Centralized crypto tokens are associated with risks due to their lack of decentralization. Therefore, they aren’t backed by an underlying asset, nor do they have a protocol that supports them, as most decentralized cryptocurrencies do.
Furthermore, since these tokens are often issued by organizations or companies, there is no guarantee that these companies will still exist in the future or be able to pay out the promised returns. Unfortunately, investors could lose all their invested money if something goes wrong with the issuer’s business model or operations.
Since these tokens usually have no intrinsic value, their prices can fluctuate wildly due to speculation and the hype surrounding them. Investors should know the market conditions before investing large amounts of money.
Lastly, there are no regulations for investing in centralized crypto tokens, so investors should be cautious when investing in cryptocurrencies.

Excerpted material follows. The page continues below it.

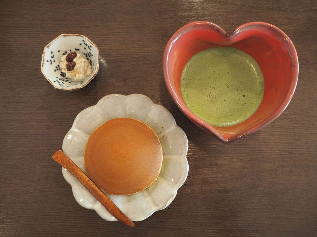 そんな茶碗でいただく抹茶は格別。ほろ苦い風味がどらやきの甘さを引き立て、ホッと和むようなおいしさだ。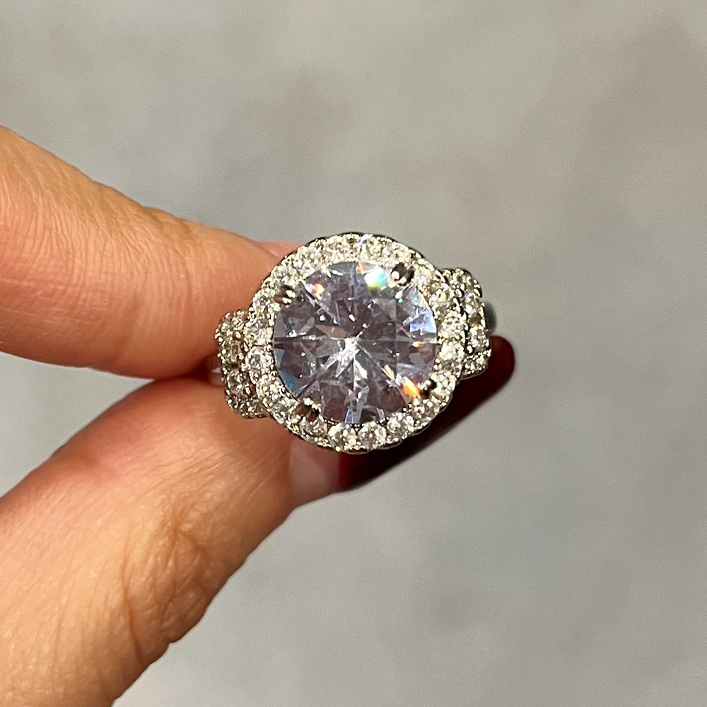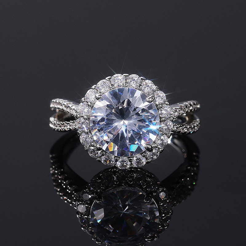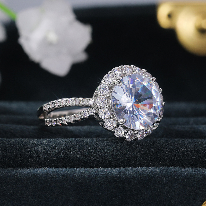 Micro-inlaid celebrity style classic all-match popular ring six-claw zircon wedding ring European and American style light luxury ring

As per market reports by leading industry analysts such as CoinGecko and CryptoCompare, the total market capitalization of all centralized crypto tokens has increased by over 900%. Subsequently, the rapid growth has attracted many new investors looking for potentially lucrative opportunities in this fast-growing asset class.
Therefore, buying centralized crypto tokens is a great way for businesses and investors to access liquidity quickly and efficiently. However, investors should know all the risks before investing in cryptocurrencies. Always get enough information about the broker before investing large sums in a project or token issued by a company.